[The Life of Captain Matthew Flinders by Ernest Scott]@TWC D-Link bookThe Life of Captain Matthew Flinders CHAPTER 9 11/17
Now, the De Witt range, though certainly giving to the coast that it dominates an aspect of desolate grandeur, especially when, as is nearly always the case, its jagged peaks are seen under caps of frowning cloud, would not strike a man who had been much among mountains as especially horrid.
Flinders' burst of chilled feeling may therefore be noted as a curious psychological fact.* (* The reader will perhaps find it interesting to compare this reference with a passage in Ruskin's Modern Painters Volume 3 chapter 13: "It is sufficiently notable that Homer, living in mountainous and rocky countries, dwells thus delightedly on all the flat bits; and so I think invariably the inhabitants of mountain countries do, but the inhabitants of the plains do not, in any similar way, dwell delightedly on mountains. The Dutch painters are perfectly contented with their flat fields and pollards: Rubens, though he had seen the Alps, usually composes his landscapes of a hay-field or two, plenty of pollards and willows, a distant spire, a Dutch house with a mast about it, a windmill and a ditch...So Shakspere never speaks of mountains with the slightest joy, but only of lowland flowers, flat fields, and Warwickshire streams." Ruskin's citation of the Lincolnshire farmer in Alton Locke is apt, with his dislike of "Darned ups and downs o'hills, to shake a body's victuals out of his inwards.") The naming of Mounts Heemskirk and Zeehan, the latter since become a mineral centre of vast wealth, were the most noteworthy events of the run down the western coast.

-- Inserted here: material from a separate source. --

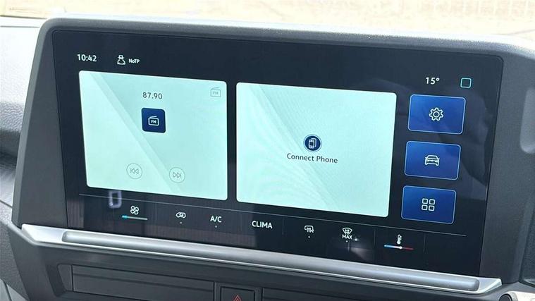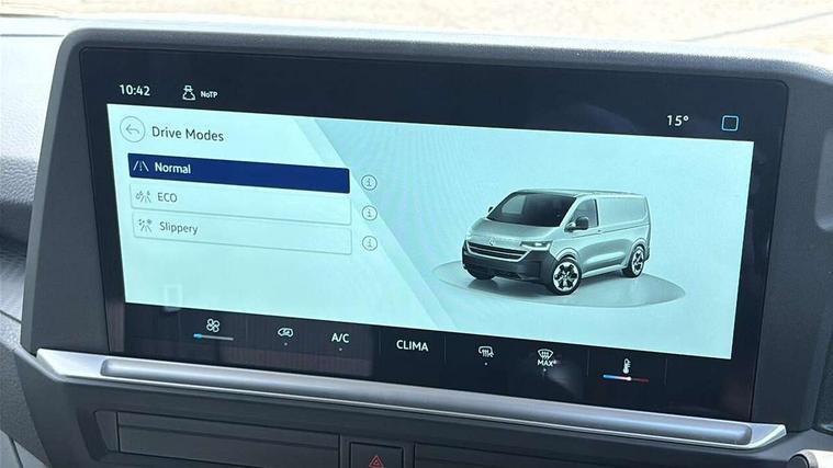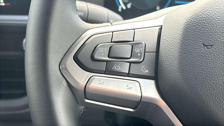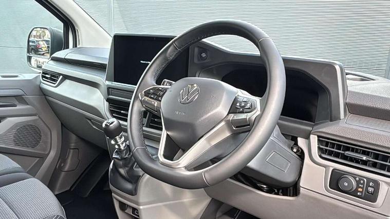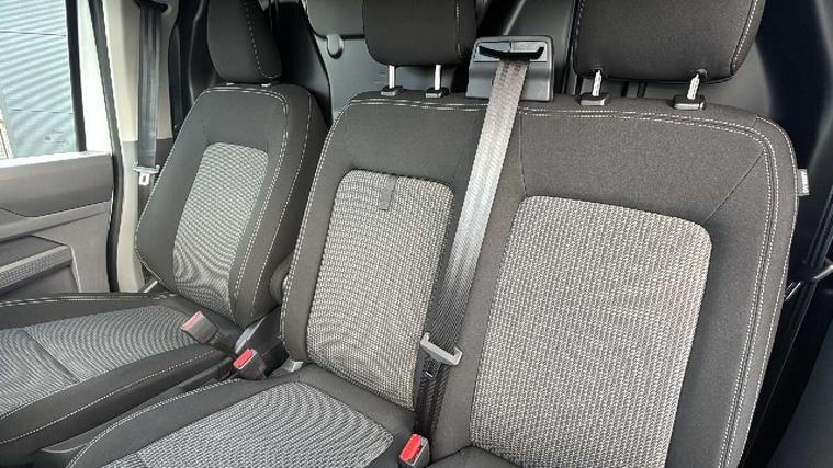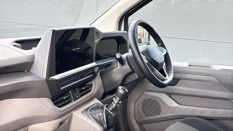 12" digital drivers display, 13" touchscreen infotainment display with wireless app connect and DAB radio, 5G Modem, Apple CarPlay and Android Auto, Cruise control, Dynamic road sign display, eCall emergency system, Electromechanical speed sensitive power steering, height and longitudinally adjustable steering column, Lane assist, Preparation of VW connect and connect plus, Wrong way driver warning, 4 speakers - 2x dashboard, 2x cab doors, Body coloured door handles, Heat reflecting side window glass, Mud flaps front and rear, Rear Transporter nameplate in black grained decorative trim, Vehicle opening configuration 1x 1st row of seats, 2x all doors, 2x 15-W USB data/charging ports in dashboard and 1x USB-C, 1x USB-A center bottom, 2x LED lights in load compartment, 3 spoke leather wrapped multi function steering wheel, 4 way height and tilt adjustable head restraints, Black plastic scuff plate for sliding door in cargo without illumination, Cabin interior lighting, Lashing rings for reinforced floor covering, Leatherette gear lever, Narrow centre console with cup holder and compartment for mobile phone, Overhead storage compartment, Roof grab handle on front passenger side, Rubber floor covering in cab, Striped fabric upholstery, Without passenger seats in load compartment, Driver and front passenger airbag with front passenger airbag deactivation, Dual tone horn, Front and curtain airbags for driver and front passenger, Seat belt pretensioner for driver seat, Anti theft alarm system with interior monitoring in cab, backup horn and towing protection, Electronic immobiliser, Preparation for alcohol ignition interlock, 5+ Promise, Alternator - 230A, Electronic stability control, ABS, ASR with deactivation button, hill start assist and brake assist system,

They were named by Flinders after the two ships of Tasman, as he took them to be the two mountains seen by that navigator on his discovery of Van Diemen's Land in 1642. The Derwent, whose estuary is the port of Hobart, was entered on December 21.
Bass's report on the fertility of the soil led to the choice of this locality for a settlement four years later. On the last day of the year the return voyage was commenced, and on January 1st, 1799, the Norfolk was making for Port Jackson with her prow set north-easterly.
The winds were unfavourable, and prevented Flinders from keeping close inshore, as he would have liked to do in order to make a survey.